Quand l’État trahit ses Lions
Le Cameroun n’a pas seulement un problème de résultats sportifs.
Il a un problème de dirigeants. Et à la tête de ce naufrage organisé, un nom s’impose : Narcisse Mouelle Kombi, ministre des Sports et de l’Éducation physique.
Depuis des mois, sa gestion des Lions Indomptables ressemble à une caricature de mauvaise gouvernance. Mais cette fois, la coupe est pleine : les primes de match des joueurs ont disparu.
« Le traitement est en cours », se défendent les responsables du ministère. Une phrase devenue le symbole de leur mépris.
Après le match nul contre l’Angola, les joueurs et le staff attendaient le versement de leurs primes, comme prévu par la réglementation.
Le Trésor public a débloqué les fonds. La Fecafoot a validé les budgets.
Mais deux semaines plus tard, personne n’a reçu un franc.
Le ministère, lui, garde le silence un silence lourd, coupable, indigne.
100 millions de FCFA envolés: la honte du Minsep
Les chiffres sont têtus. 26 joueurs, 24 encadreurs. Une prime de 2 millions FCFA par joueur pour un match nul, et le double pour le sélectionneur.
Total: près de 100 millions FCFA. Un montant précis, budgété, validé… et évaporé.
« L’argent a été utilisé à d’autres fins », confie une source interne au ministère.
Autrement dit, un détournement pur et simple.
Un hold-up institutionnel, en pleine préparation pour la Coupe du monde.
Pendant que les Lions transpirent, leurs dirigeants pillent.
Pendant que le peuple espère, le ministre encaisse.
Un ministre dépassé et déconnecté
Ce scandale n’est pas un accident: il est la conséquence directe d’un système pourri, entretenu par un ministre plus soucieux de sa communication que de ses responsabilités.
Depuis plus d’un an, Narcisse Mouelle Kombi a repris illégalement la gestion des Lions Indomptables, en violation des textes présidentiels de 2014.
Résultat: désordre, confusion, surfacturations et climat délétère.
« Ce n’est plus une gestion, c’est une prédation organisée », commente un cadre du ministère, écœuré.
Les missions se multiplient, les délégations gonflent, les hôtels se choisissent dans le luxe pendant que les joueurs attendent leurs primes et que les caisses se vident. La logique est simple: plus il y a d’opacité, plus il y a d’argent à détourner.
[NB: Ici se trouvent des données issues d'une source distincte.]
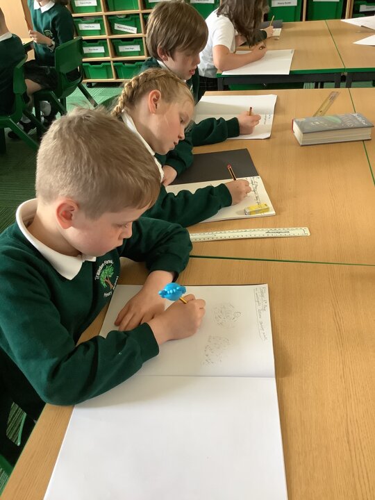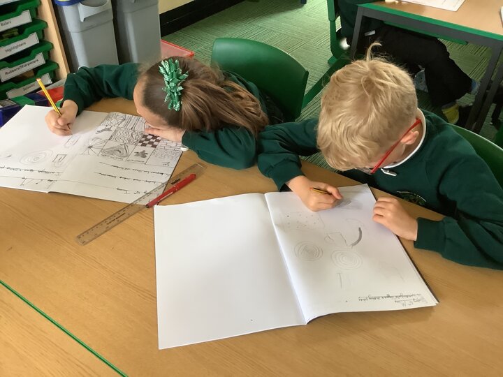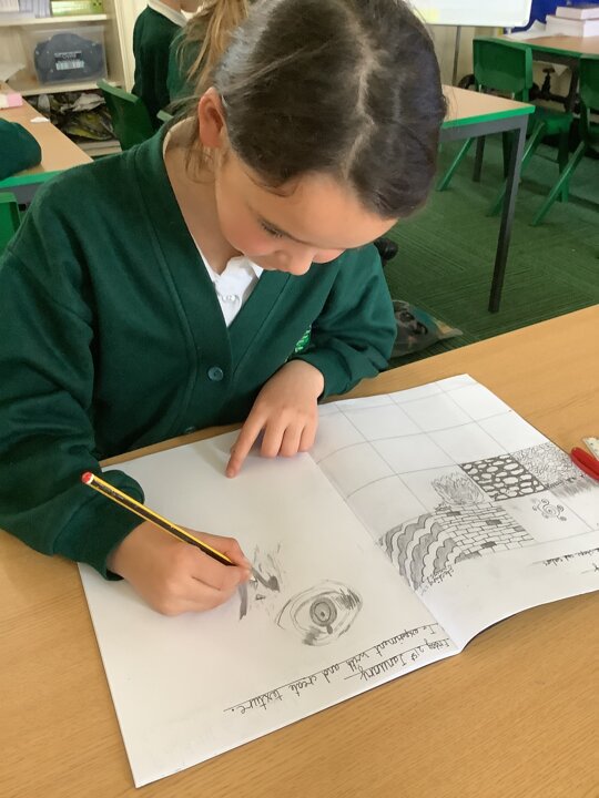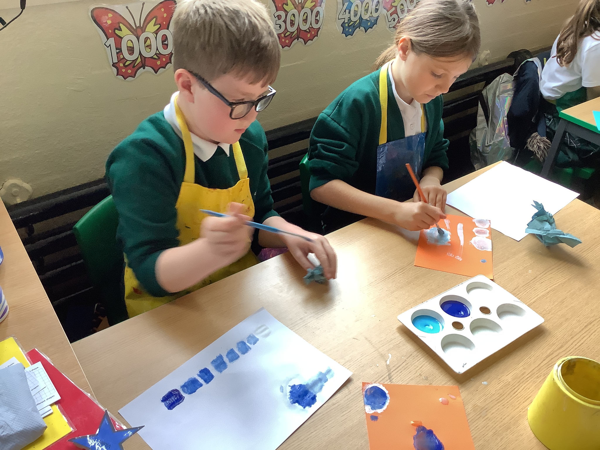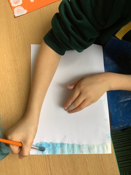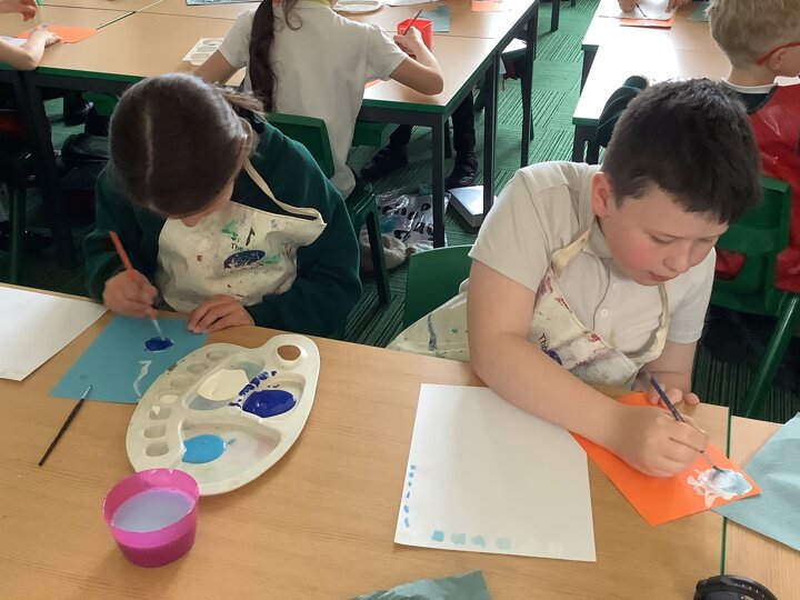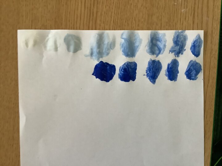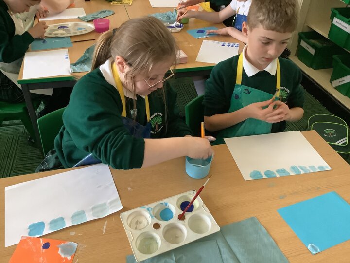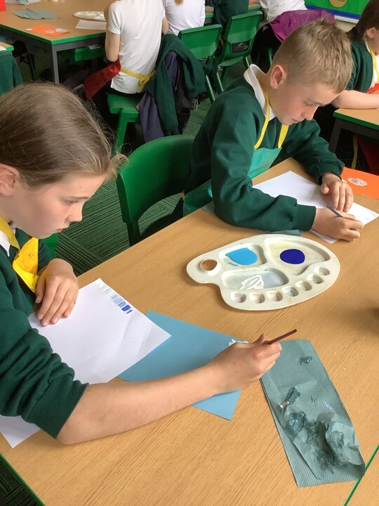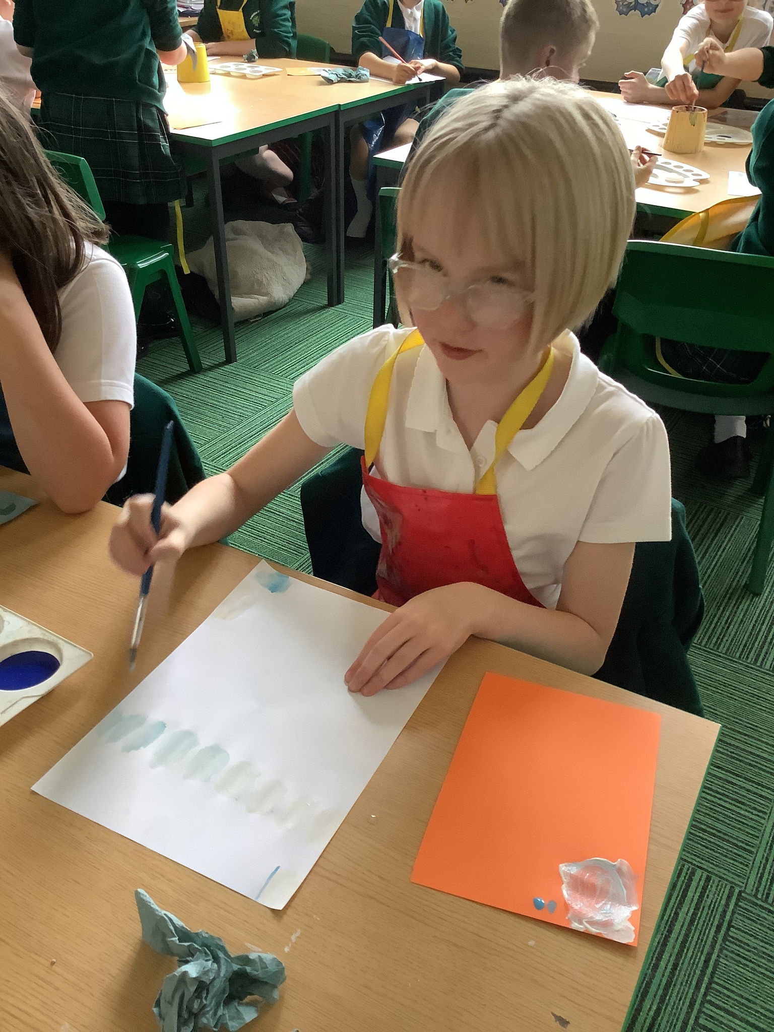 This afternoon in their artwork, Year 4 investigated different starting points for their watery art pieces. They began by sketching watery shapes and finished with creating a range of different blue tones whereby they added white to blue.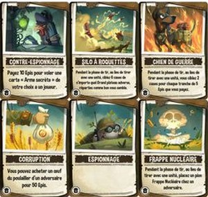 – les joueurs révèlent si les tirs ont touché une ou plusieurs de leurs unités (à la façon de la bataille navale). Chacun gagne des Épis en conséquence. Avec 25 Épis on peut acheter un œuf adverse, le gagnant est celui qui aura réuni 5 œufs adverses ou celui qui est le seul à posséder une unité en vie.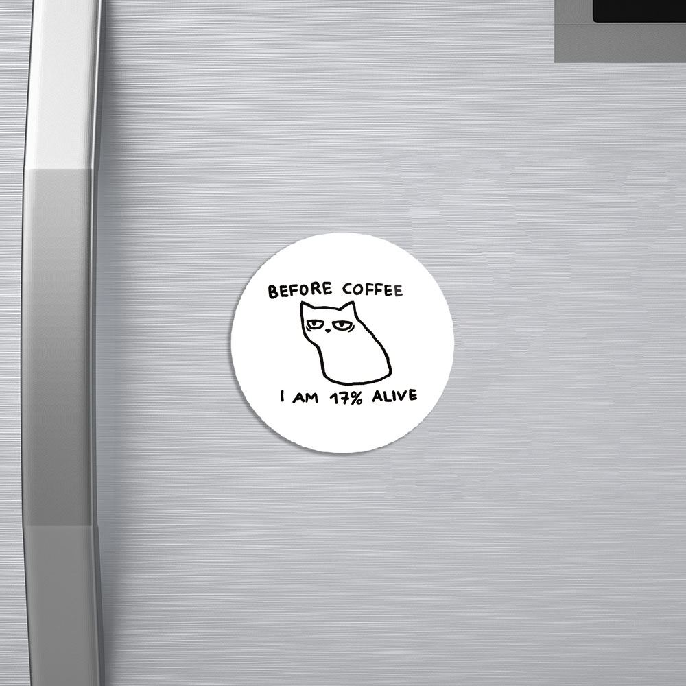 مگنت گربه و قهوه خندالو با روکش سلفون مات مخملی ضدخش و قطعه پشتی فلزی تولید شده است که آهنربای اتمی بکار برده شده در محصول، بصورت مخفی تعبیه شده ودیده نمی شود. ضمن اینکه گیرایی بسیار بالایی داشته و به هیچ عنوان از روی یخچال نمی افتد.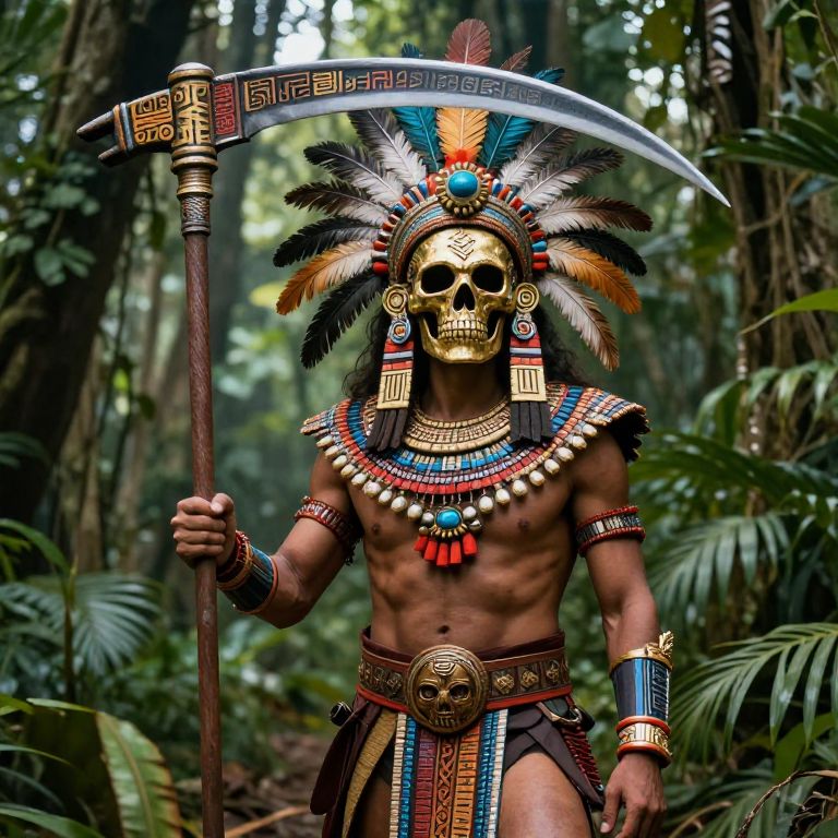 Aztec reaper standing solemnly in a dense ancient jungle, adorned in intricate golden skull mask and traditional feathered headdress, holding a scythe carved with mysterious glyphs, vibrant colors, cinematic lighting, highly detailed fantasy artwork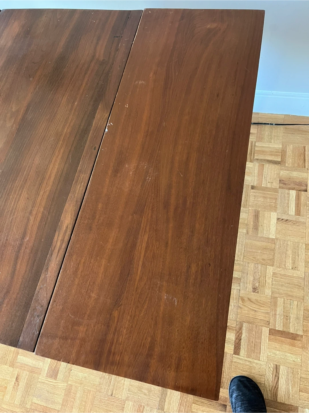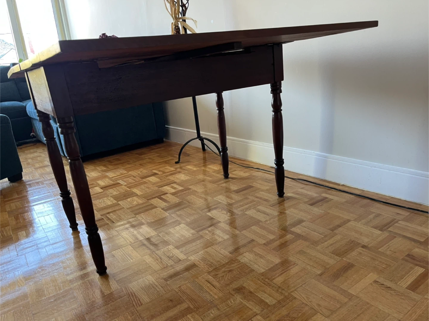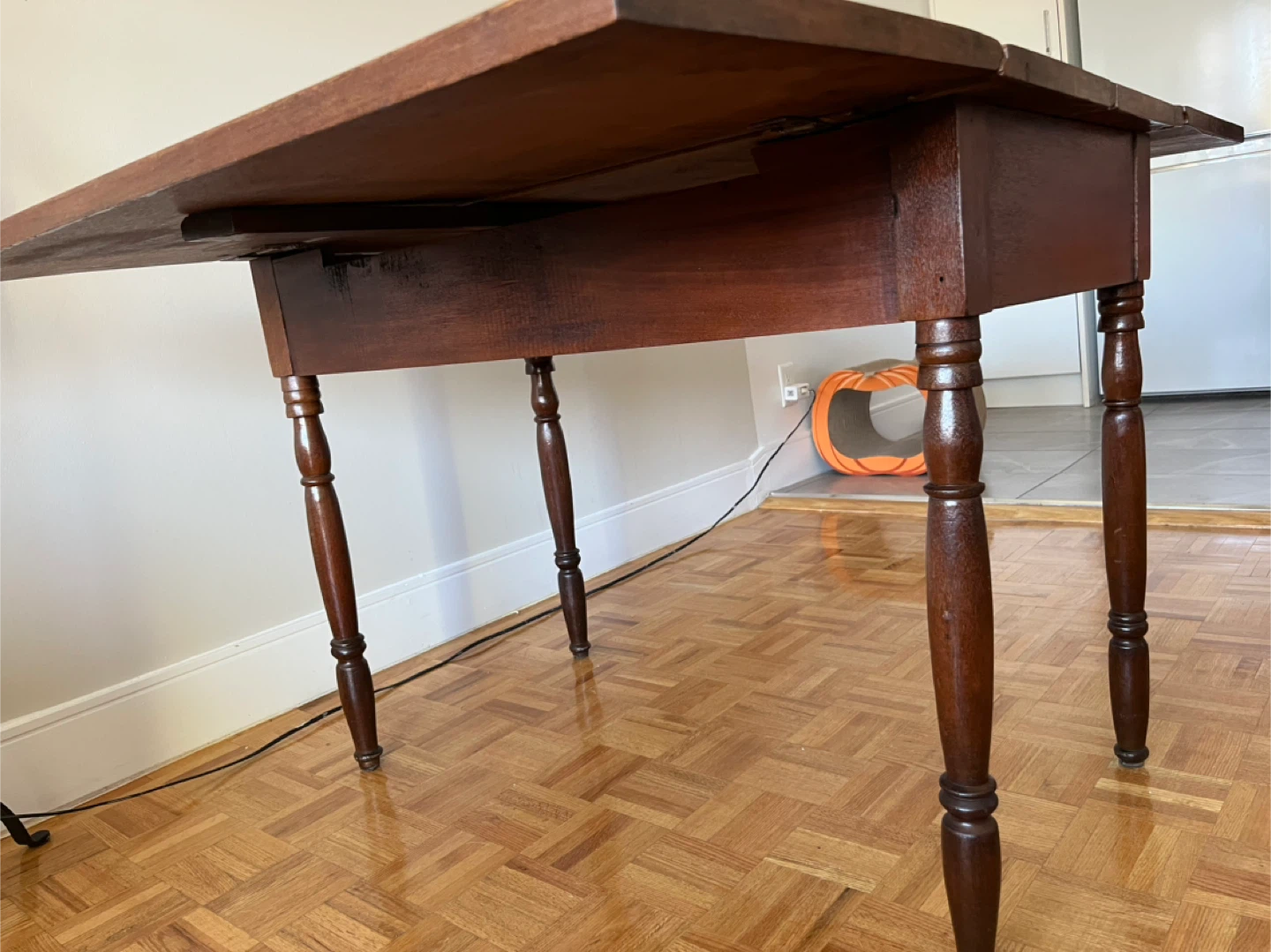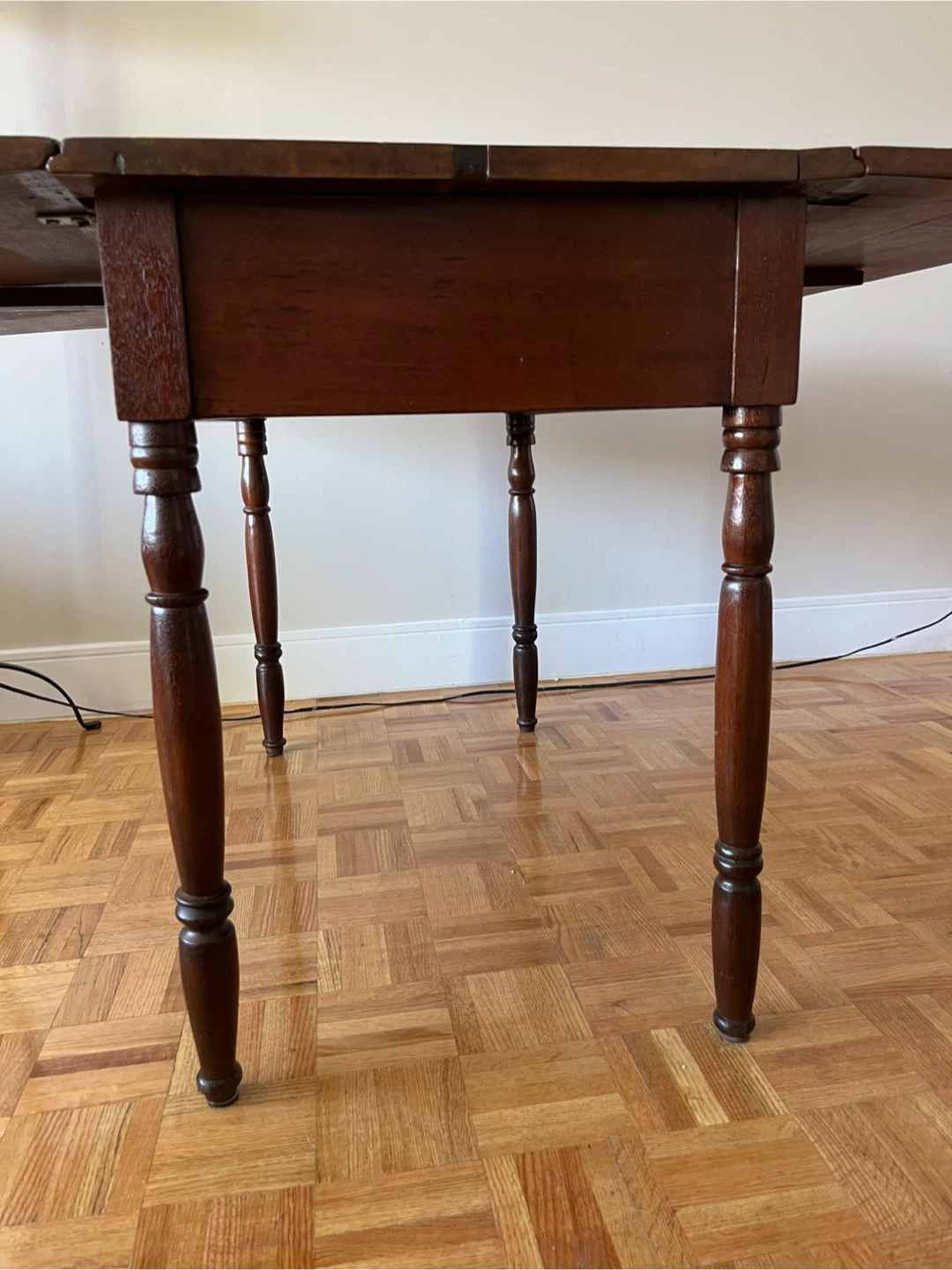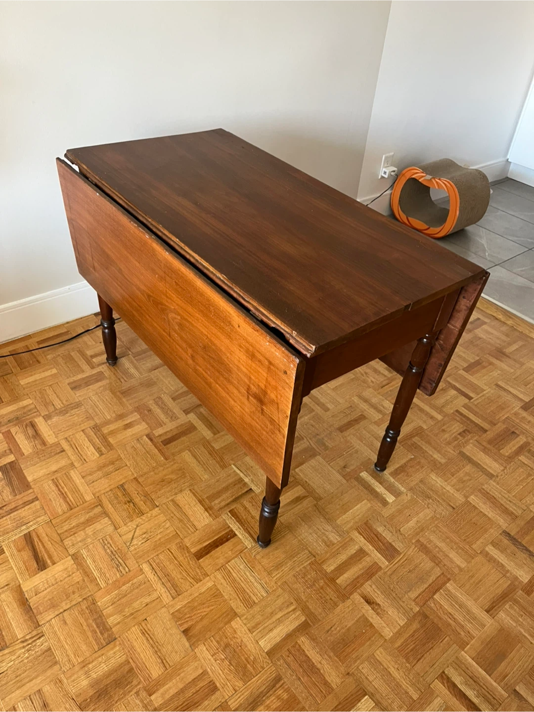 Selling a charming antique drop-leaf table with a classic wood finish. The table has a timeless design and both leaves can be folded down, making it practical for small spaces or full use when extended.
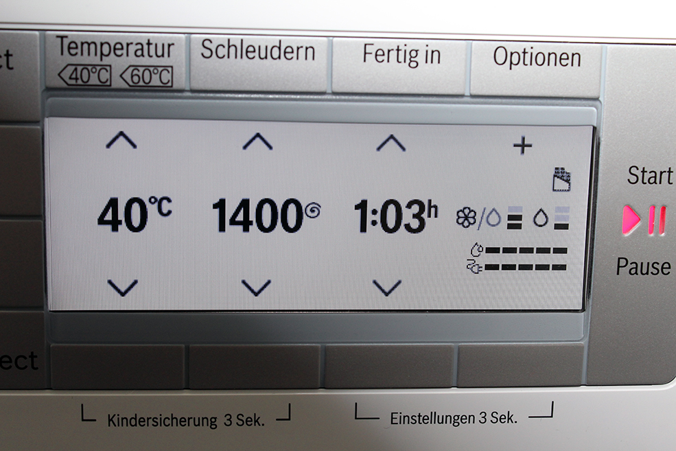 Das TFT-Display an der rechten Seite zeigt alle wichtigen Informationen wie Temperatur, Umdrehungszahl oder Restzeit an. Der Bildschirm stellt zwar nur schwarz-weiß dar, lässt sich aber auch noch aus größerer Distanz gut ablesen. Zudem erhält der Nutzer hier Informationen über den Wasser- und Stromverbrauch des gewählten Programms – allerdings nur in Form von fünf Balken. Damit hat man zwar einen groben Anhaltspunkt, wir hätten uns allerdings eine genauere Schätzung gewünscht. Der aktuelle Befüllungstand wird ebenfalls als Balken auf dem Display dargestellt.

Un sabotage en règle des Lions Indomptables
Le sélectionneur Marc Brys attend lui aussi ses 2 millions FCFA.
Excédé, il aurait décidé de geler la publication de sa liste de joueurs tant que son dû ne lui est pas versé. Et il a raison: comment motiver des hommes qu’on humilie ? Comment espérer la victoire quand le propre ministère agit comme un saboteur?
La tanière est en colère. Les joueurs ne cachent plus leur mécontentement.
À Rabat, où débute le prochain regroupement, la tension promet d’être électrique. Car il ne s’agit plus seulement d’argent, mais de respect, de confiance et de dignité nationale.
Un symbole du mal camerounais
L’affaire Mouelle Kombi dépasse le cadre du sport. Elle incarne le mal camerounais dans toute sa crudité: le mensonge d’État, la corruption arrogante, et l’impunité des puissants. Chaque scandale de ce genre éloigne un peu plus le Cameroun de la performance, du mérite et de la fierté. Et chaque silence du pouvoir devient une complicité.
« Le Cameroun n’est pas pauvre, il est appauvri par l’incompétence. »
Une vérité qui résonne comme une gifle dans un pays où les héros sont maltraités pendant que les incompétents prospèrent.
Conclusion: assez de médiocrité
Narcisse Mouelle Kombi a trahi la confiance du peuple et des joueurs.
Sous sa gestion, le ministère des Sports est devenu un repaire de prédateurs, un sanctuaire de l’incompétence.
À ce stade, il ne s’agit plus d’une question sportive, mais d’une question morale et patriotique. Le Cameroun mérite mieux que ce ministre.
Les Lions Indomptables méritent mieux que ce mépris.
Et le peuple mérite des comptes. Car quand un ministre pille ceux qui défendent les couleurs nationales, il ne trahit pas une équipe: il trahit la nation entière.